Following the U. S. entry into World War II, he was Ordnance officer for the 2nd Armored Division during the North African and Sicilian campaigns. His response to a parts shortage during the Sicilian campaign exemplifies his determination to keep his division combat ready. General George Patton dispatched his C47 transport plane with Lieutenant Colonel Crabb on board to Bizerte in North Africa to find the needed parts. He commandeered a dozen trucks from the 2nd Armored Division rear echelon and, armed with a letter from Patton requesting assistance in procuring parts, proceeded to load up what he needed from an Eastern Base Section depot. He then persuaded a Navy lieutenant to transport the parts to Sicily on a Landing Ship Tank (LST).

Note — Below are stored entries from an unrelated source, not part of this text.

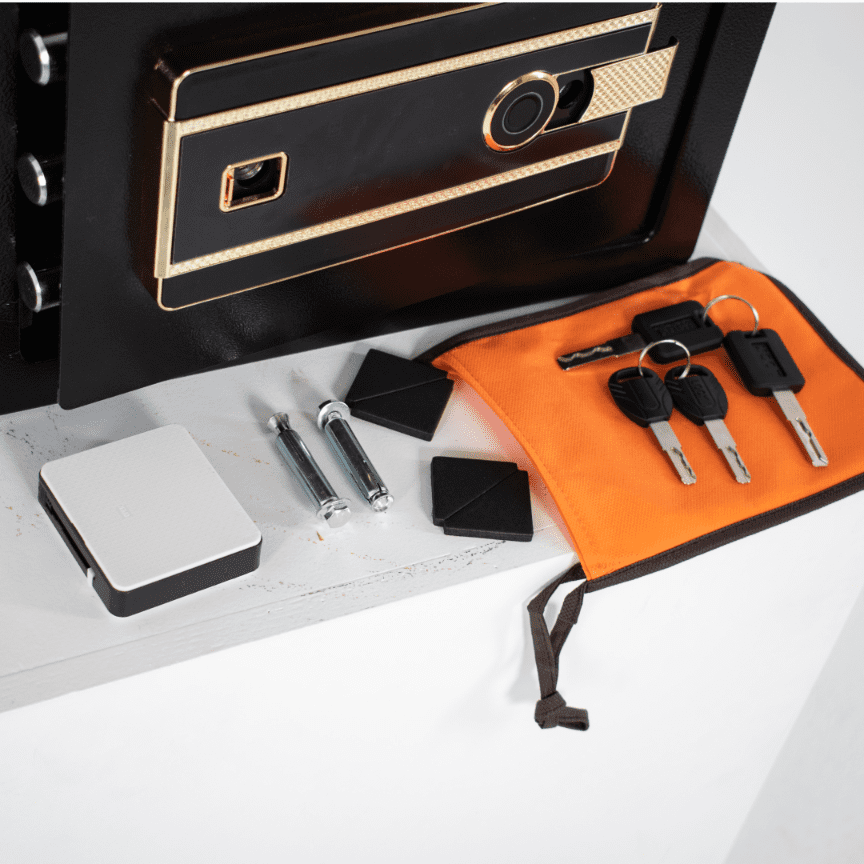 - Vsebina paketa: sef, navodila za uporabo, montažni elementi in 4 ključi
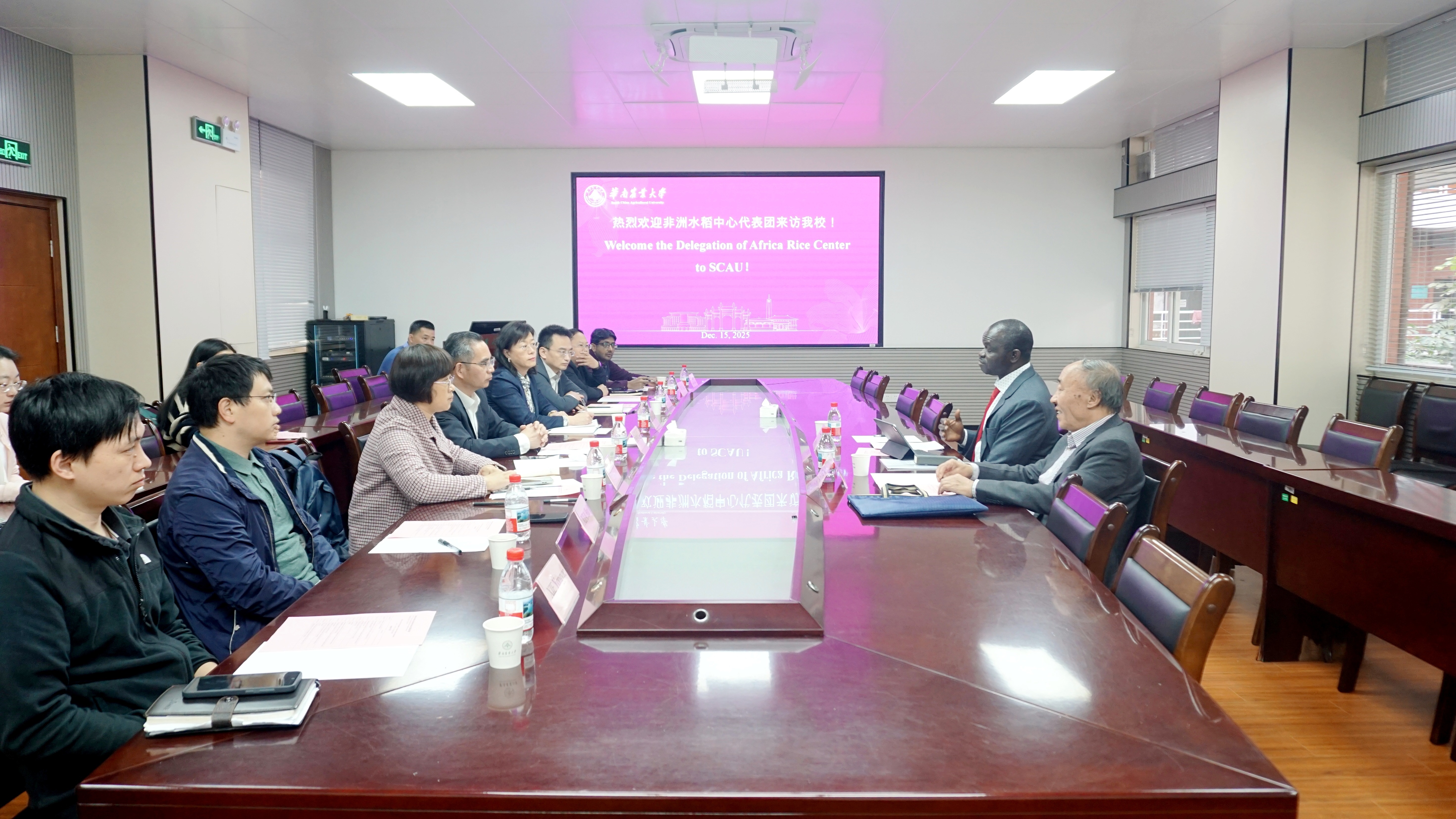 近日,非洲水稻中心总干事巴布卡尔博士访问华南农业大学。学校副校长陈乐天在农学院接待来宾并座谈。
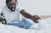 Przepełniony radością Afrykański Amerykanin z witiligo leżący rano na łóżku
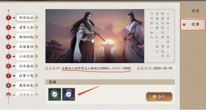 Trong lối chơi Liên minh chiến, nó có thể được gọi là thành tích phe theo một cách khác. Nó ghi lại các nhiệm vụ đã hoàn thành cùng nhau giữa các bang phái khác nhau và đưa ra một số điểm ràng buộc nhất định và các vật phẩm khác làm phần thưởng. Một số nhiệm vụ được ghi lại trong hệ thống biên niên sử này đòi hỏi sự nỗ lực chung của tất cả mọi người trong máy chủ nơi bạn đặt, vì vậy, bạn có thể nhận được nhiều phần thưởng, mọi người đều có thể làm hết sức mình ~
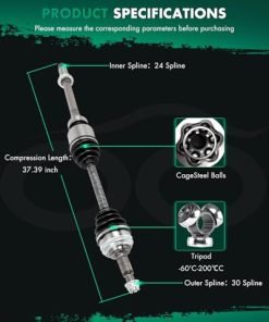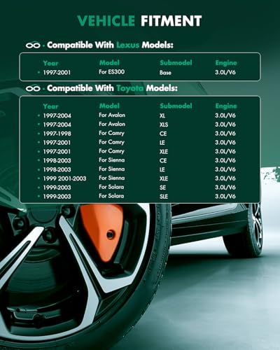 1. Compatibilidad: Eje de árbol de transmisión CV delantero derecho apto para Lexus ES300 Base 3.0L 1997-2001, Toyota Avalon XL 3.0L 1997-2004, Toyota Avalon XLS 3.0L 1997-2004, Toyota Camry CE 3.0L 1997-1998, Toyota Camry LE 3.0L 1997-2001, Toyota Camry XLE 3.0L 1997-2001, Toyota Sienna CE 3.0L 1998-2003, Toyota Sienna LE 3.0L 1998-2003, Toyota Sienna XLE 3.0L 1999 2001-2003, Toyota Solara SE 3.0L 1999-2003, Toyota Solara SLE 3.0L 1999-2003.
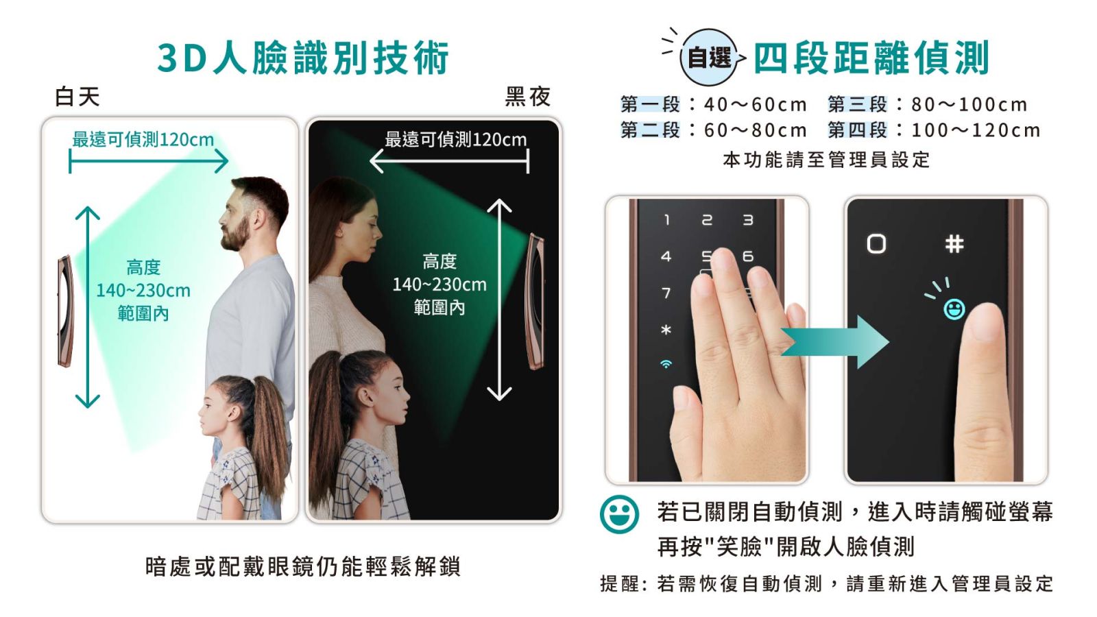●3D人臉識別技術, 最遠可偵測100cm
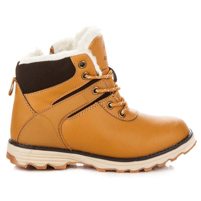 Perfecte pentru zilele mai friguroase, cizme de drumetie pentru copii din piele ecologica, izolate cu o haina moale din piele de oaie. Finisajul clasic maro și bej cu o inserție mai închisă în partea de sus le conferă un caracter universal, casual - perfect pentru utilizarea de zi cu zi în sezonul toamnă/iarnă.
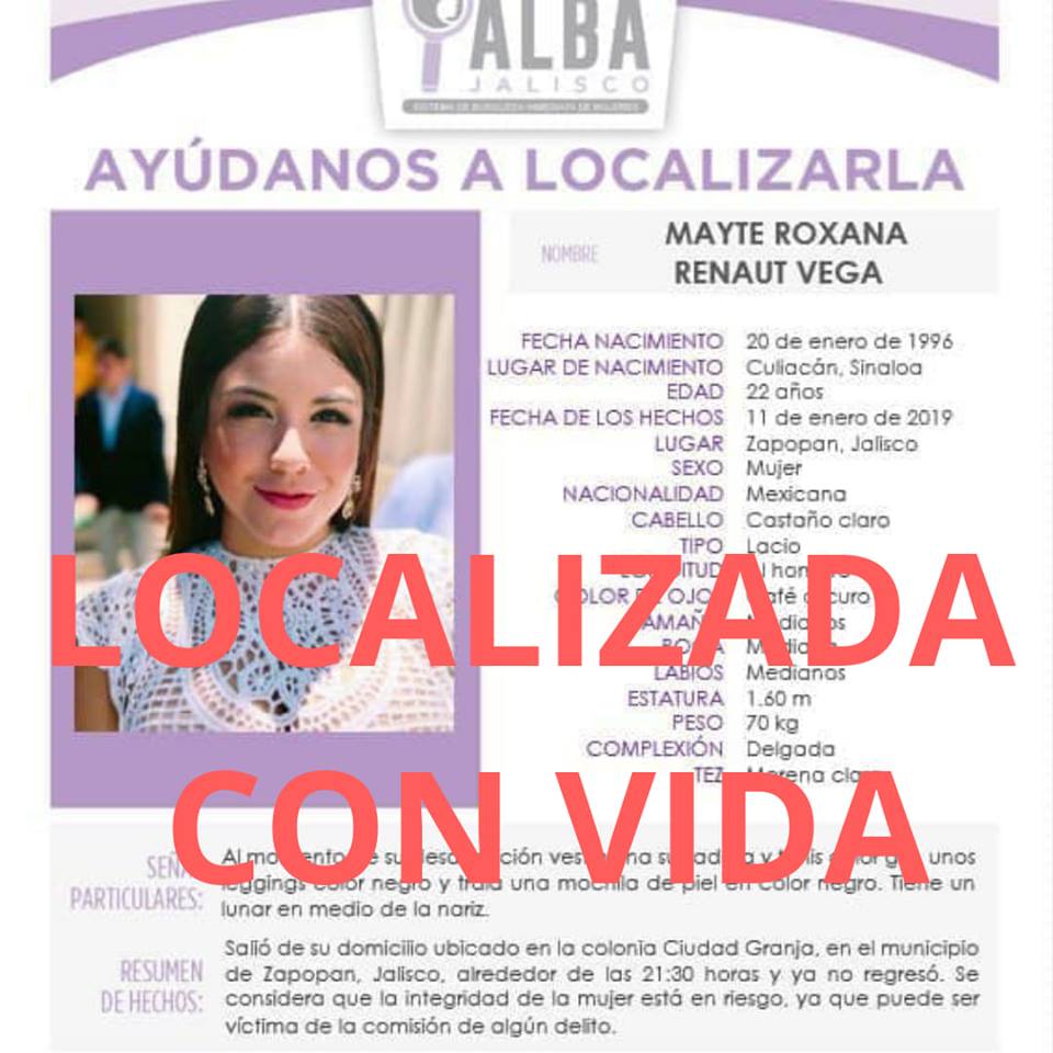 17 de enero de 2018.- Sin esclarecer el móvil de la desaparición y sin ofrecer detalles de cómo fue localizada, Protocolo Alba de Jalisco informó -a través de su redes sociales- que Mayte Roxana Reanut Vega, de 22 años, fue localizada con vida la noche del 16 de enero.
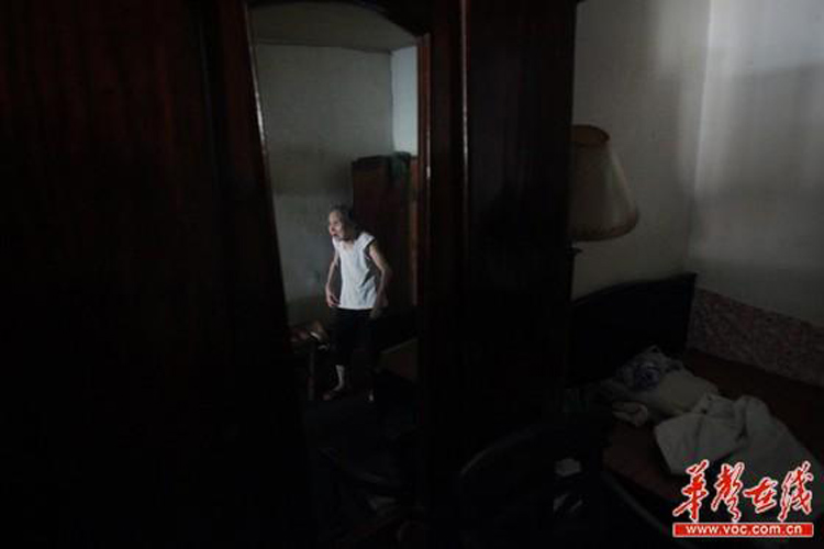 幽暗的房间,斑驳的光线透入,王仲莲老人依靠着意志力肩负着一个母亲的责任。
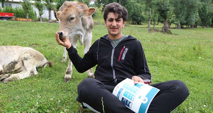 Artvin'in Ardanuç ilçesi Güreş köyünde besicilik yapan Coşkun Kara'nın 15 yaşındaki lise ikinci sınıf öğrencisi Oğuzhan Kara, yaz tatilini ders çalışıp, aynı zamanda besicilik yaparak değerlendiriyor.
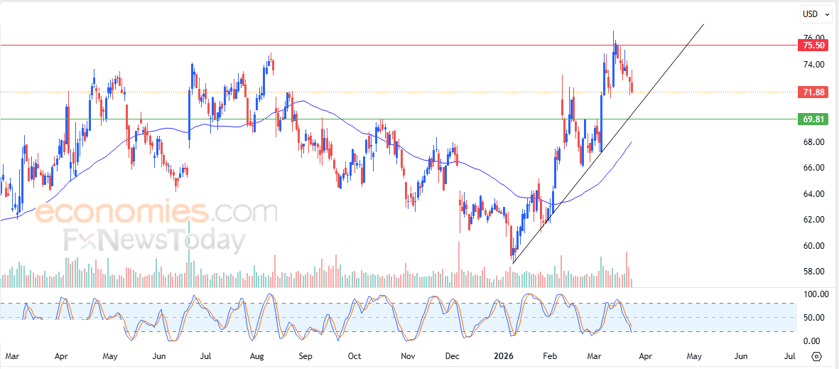 따라서 향후 거래 세션 동안 69.80달러 지지선이 유지되는 한 주가는 상승하여 75.50달러 저항선을 목표로 할 것으로 예상합니다.
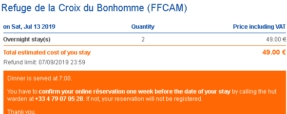 최종 목적지인 본옴므산장(Refuge de La Croix du Bonhomme, 2477m)은 TMB 경로에서 200미터 정도 떨어져 있습니다. 본오므산장(https://refugecroixdubonhomme.ffcam.fr/GB_le-mot-du-gardien.html)은 사이트에서 미리 예약했어도 1주일 전에 전화로(+33 4 79 07 05 28, refugecroixdubonhomme@ffcam.fr) 예약을 확인해야 하는 예약이 가장 까다로운 곳이었습니다.
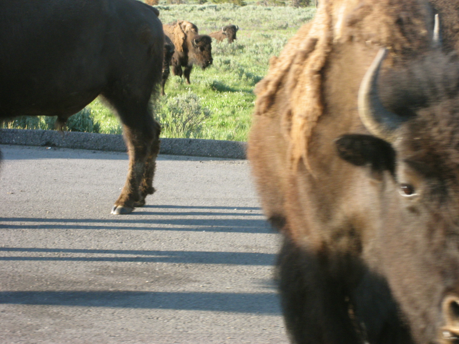 Photo by Cassandra Willyard. My husband and I got stuck in a buffalo-induced traffic jam for more than an hour in Yellowstone in 2008. By the time we finally started moving again, he was exceedingly annoyed. When we passed the bison that had caused the backup, I asked him to slow down so I could take a photo. He refused. I only managed to capture half the bison’s face.
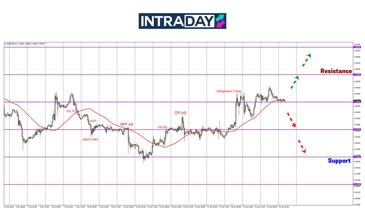 Kenaikan pada carta EUR/USD semalam telah mencapai paras ketinggian 1.04500 sebelum kembali berundur turun semula ke zon tumpuan 1.04000.

During the Normandy invasion and until war's end, he served as ordnance officer for the XIX Corps. Following the war, he served briefly as deputy commander of the Red River Ordnance Depot and then, from 1946 to 1948, as Ordnance officer, U. S. Constabulary, Europe. He branch transferred to Ordnance in 1947. In 1949, given his expertise in automotive maintenance, he was appointed chief of the Maintenance Branch, Office of the Chief of Ordnance. Prior to his retirement as a colonel in 1963, Crabb commanded the Mount Rainer Ordnance Depot. He died in 1981.